Reproduce the full listing below unchanged, apart from the pictures.

DATA EXCERPT START

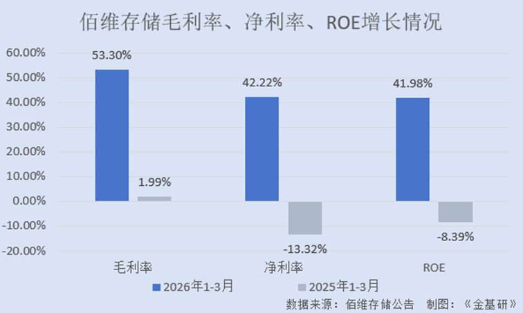 同时,佰维存储的盈利能力持续增强。2025年,佰维存储的毛利率、净利率、ROE分别为21.44%、7.42%、19.78%,同比分别上升3.25个百分点、5.40个百分点、12.41个百分点。2026年1-3月,上述三项指标分别为53.30%、42.22%、41.98%,同比分别上升51.31个百分点、55.54个百分点、50.37个百分点。
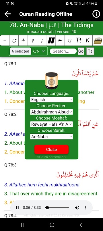 زیبایی و قدرت **جز عما (قسمت سی ام قرآن کریم)** را با تلاوت روحی **شیخ عبدالرحمن السدیس**، یکی از نمادین ترین صداهای جهان اسلام، تجربه کنید. این برنامه ساده و سبک قرآن برای کمک به شما در **خواندن، گوش دادن و درک ** Juz Amma به راحتی - حتی بدون دسترسی به اینترنت - طراحی شده است.
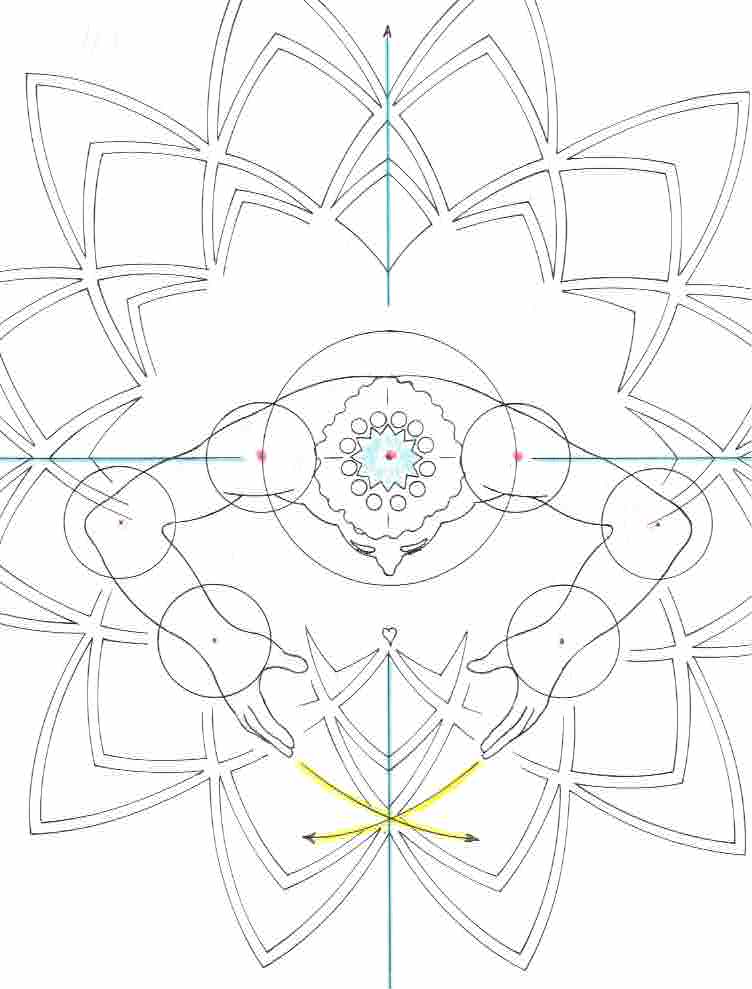 Therefore, in the initiation of the Inner Mandala for example we are activating Foundation ( pelvis and pelvic floor ) ….The Delicate Heart –which is the Solar Plexus – and the point of connection of the arms in space that allows us to ascend through the thoracic vertebrae through the path of Infinity’s Gate all the way to the Outer Arc of Infinity.

DATA EXCERPT END

### ANSWER FOR THIS EXERCISE
 同时,佰维存储的盈利能力持续增强。2025年,佰维存储的毛利率、净利率、ROE分别为21.44%、7.42%、19.78%,同比分别上升3.25个百分点、5.40个百分点、12.41个百分点。2026年1-3月,上述三项指标分别为53.30%、42.22%、41.98%,同比分别上升51.31个百分点、55.54个百分点、50.37个百分点。
 زیبایی و قدرت **جز عما (قسمت سی ام قرآن کریم)** را با تلاوت روحی **شیخ عبدالرحمن السدیس**، یکی از نمادین ترین صداهای جهان اسلام، تجربه کنید. این برنامه ساده و سبک قرآن برای کمک به شما در **خواندن، گوش دادن و درک ** Juz Amma به راحتی - حتی بدون دسترسی به اینترنت - طراحی شده است.
 Therefore, in the initiation of the Inner Mandala for example we are activating Foundation ( pelvis and pelvic floor ) ….The Delicate Heart –which is the Solar Plexus – and the point of connection of the arms in space that allows us to ascend through the thoracic vertebrae through the path of Infinity’s Gate all the way to the Outer Arc of Infinity.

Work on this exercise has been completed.